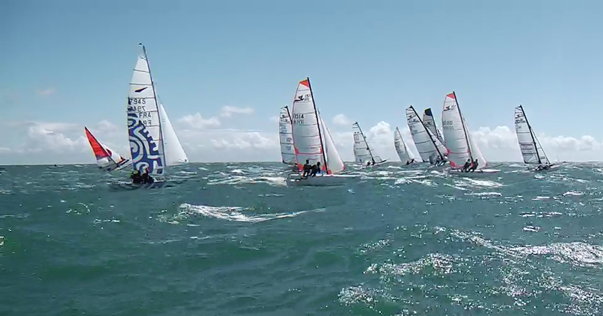 Sur zone les conditions étaient plutôt musclées avec un vent à 25 nœuds et des rafales à 27 nœuds. Chaque concurrent s’est rendu sur sa zone de course pour un 1er départ à 15h. Les F18 et les C1 n’ont pas validée de course aujourd’hui car le vent était trop fort et la mer trop formée. Le comité de course les a renvoyé à terre. Chez les plus petits, C3 et C4, les conditions étaient moins difficiles, une course a été validée.
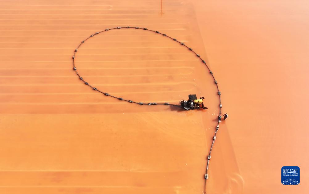 10月14日,工人在河北省灤南縣嘴東經(jīng)濟開(kāi)發(fā)區鹽場(chǎng)收獲秋鹽(無(wú)人機照片)。
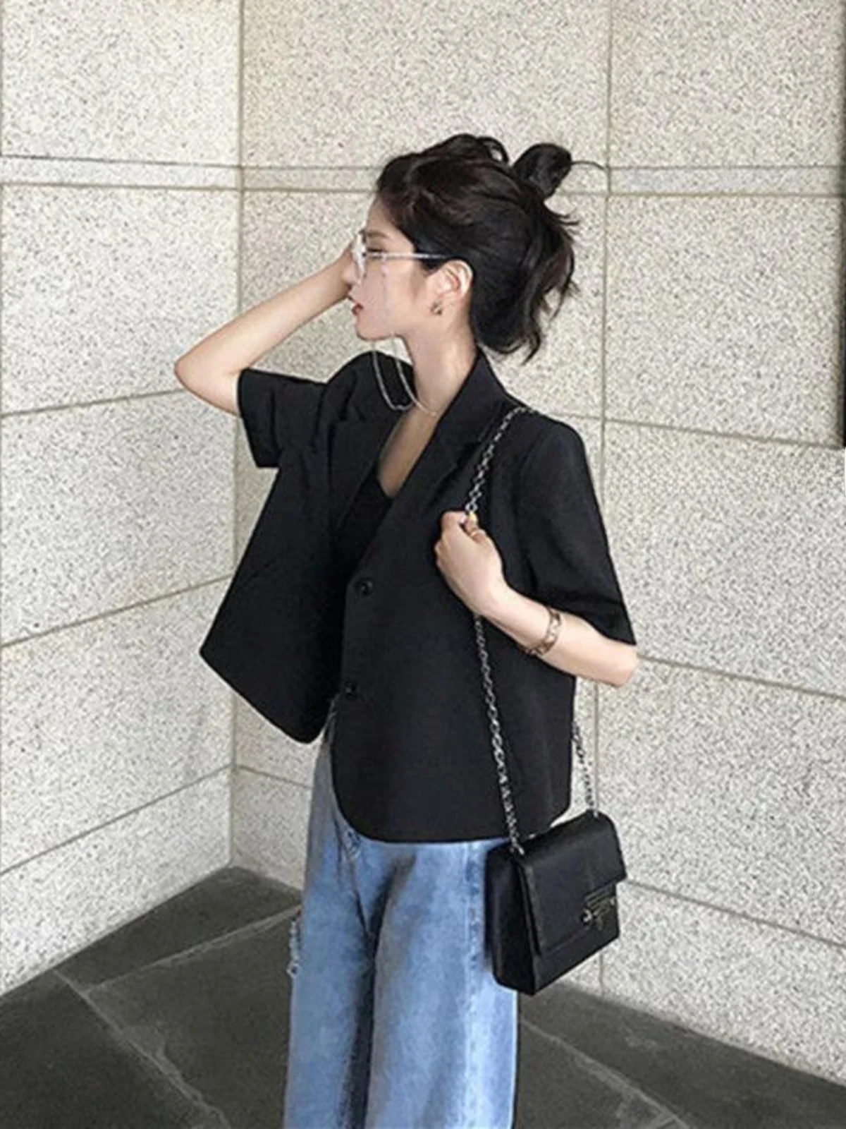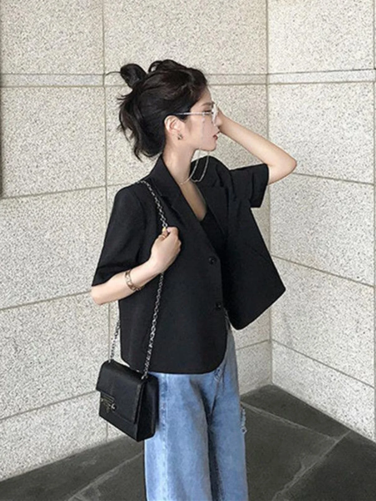 Featuring a single-button closure, this blazer offers easy wear and removal, making it a practical choice for daily wear.
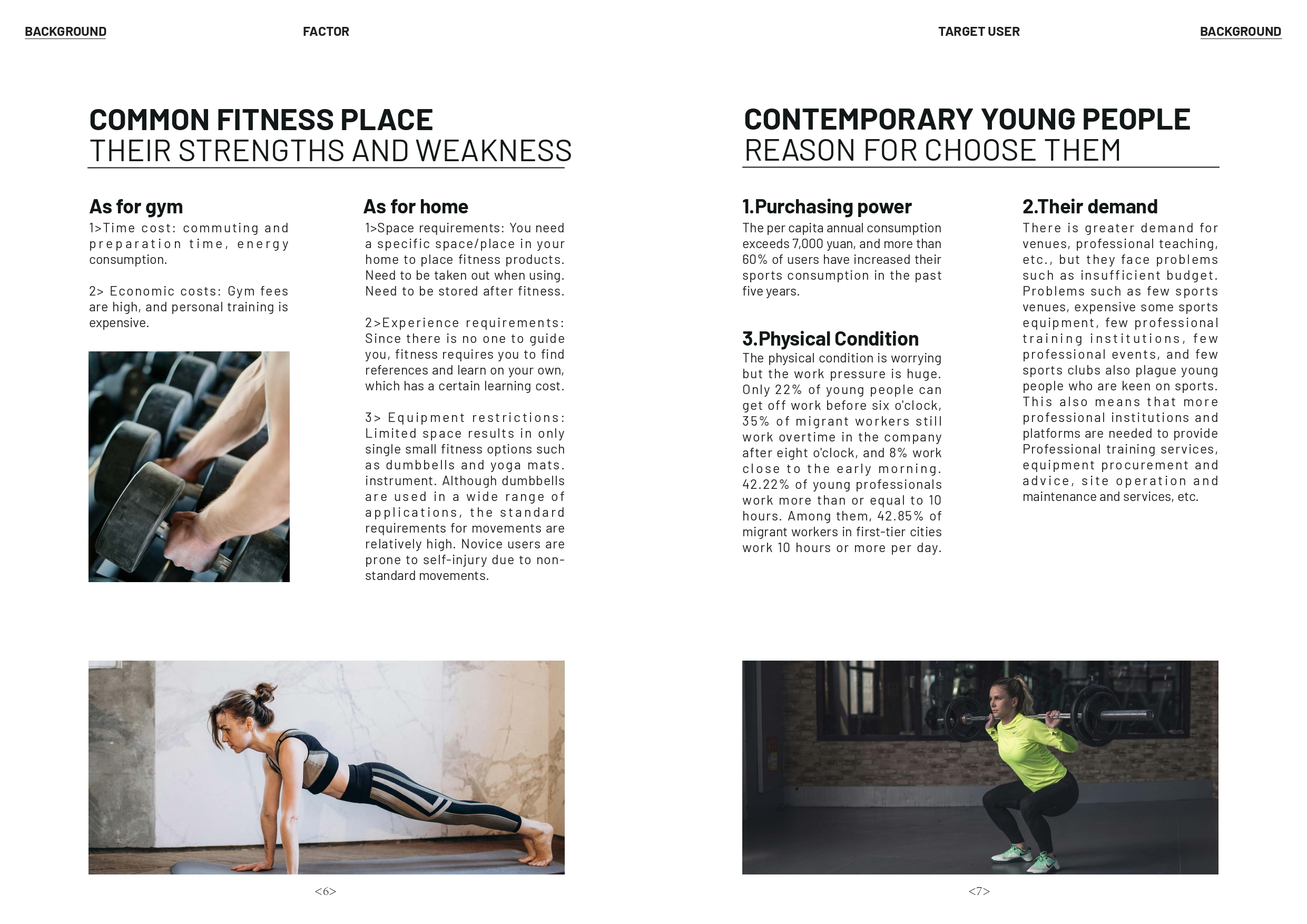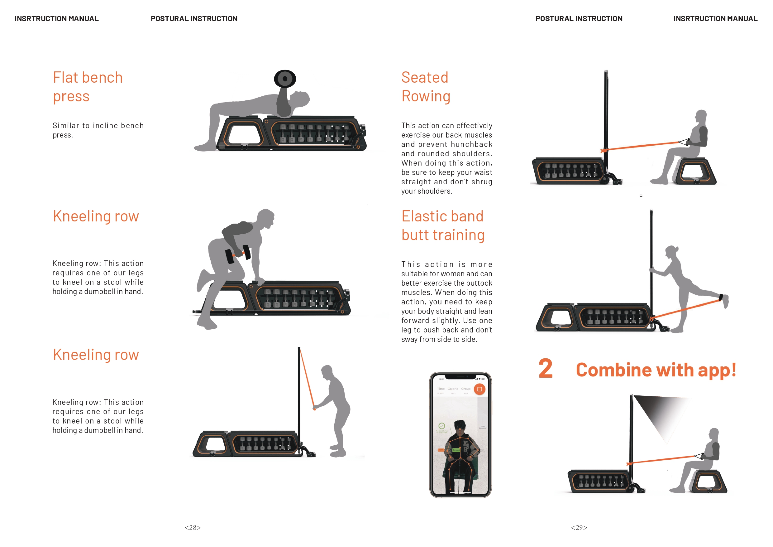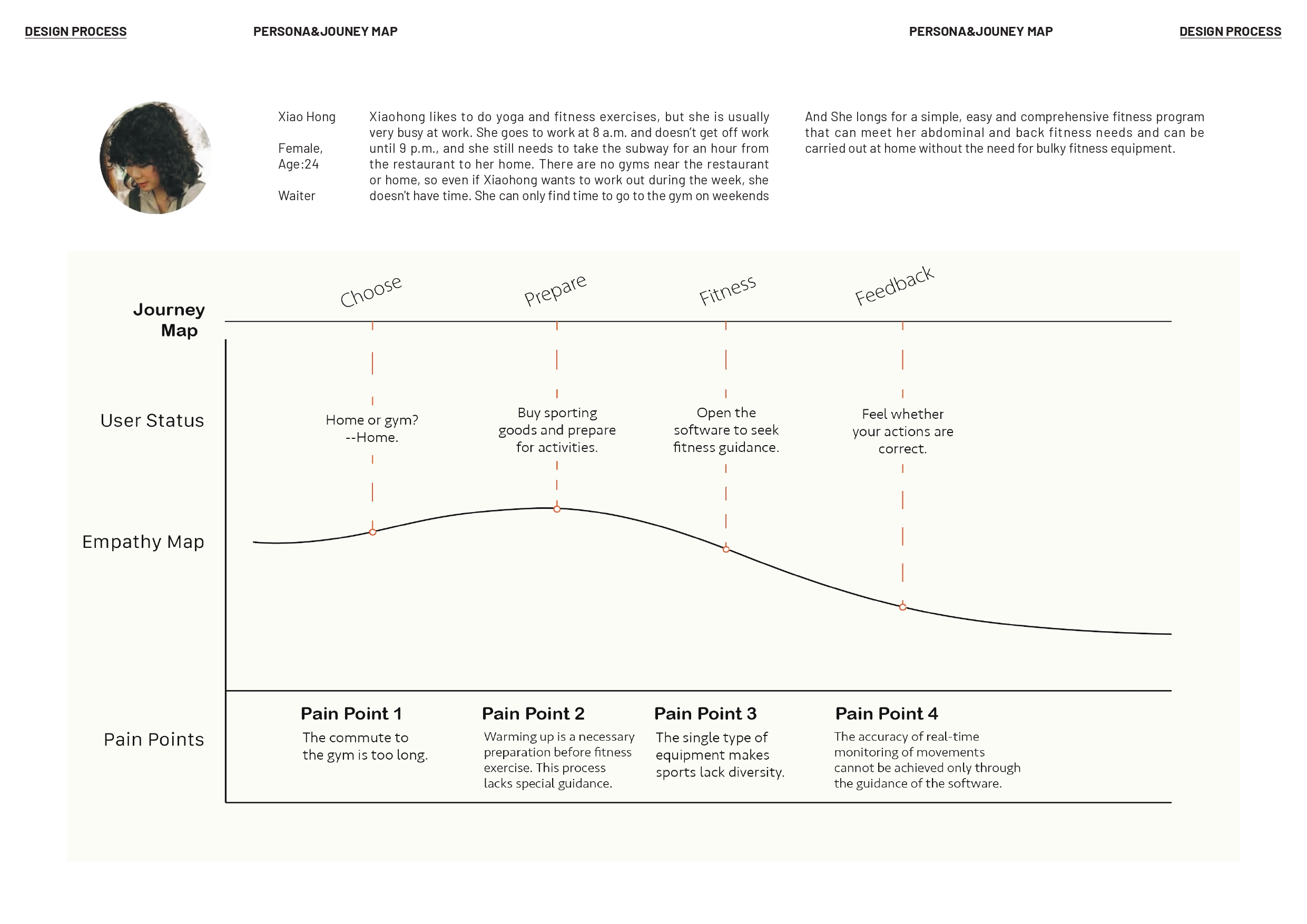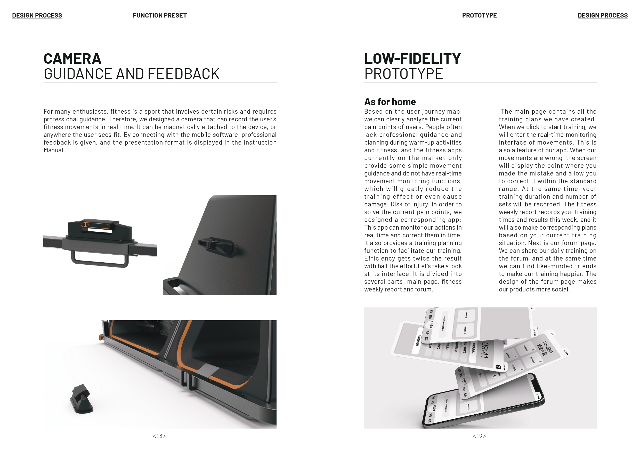 People's fitness needs is increasing, but personal fitness coaches and professional gyms consume a large part of the financial and time costs of young workers. We are searching for convenient and affordable fitness method, so that even fitness novices who are busy at work and short on funds can perform exercises with the right guidance. It is a kind of indoor furniture that can store things, integrated into the home, and capable of completing mainstream fitness movements and giving feedback.

• • • • • • •

Please give again only those lines that run from the one containing "10月14日,工人在河北省灤" through the final line of the listing, both included, exactly as written and without pictures.

Reply:
 10月14日,工人在河北省灤南縣嘴東經(jīng)濟開(kāi)發(fā)區鹽場(chǎng)收獲秋鹽(無(wú)人機照片)。
 Featuring a single-button closure, this blazer offers easy wear and removal, making it a practical choice for daily wear.
 People's fitness needs is increasing, but personal fitness coaches and professional gyms consume a large part of the financial and time costs of young workers. We are searching for convenient and affordable fitness method, so that even fitness novices who are busy at work and short on funds can perform exercises with the right guidance. It is a kind of indoor furniture that can store things, integrated into the home, and capable of completing mainstream fitness movements and giving feedback.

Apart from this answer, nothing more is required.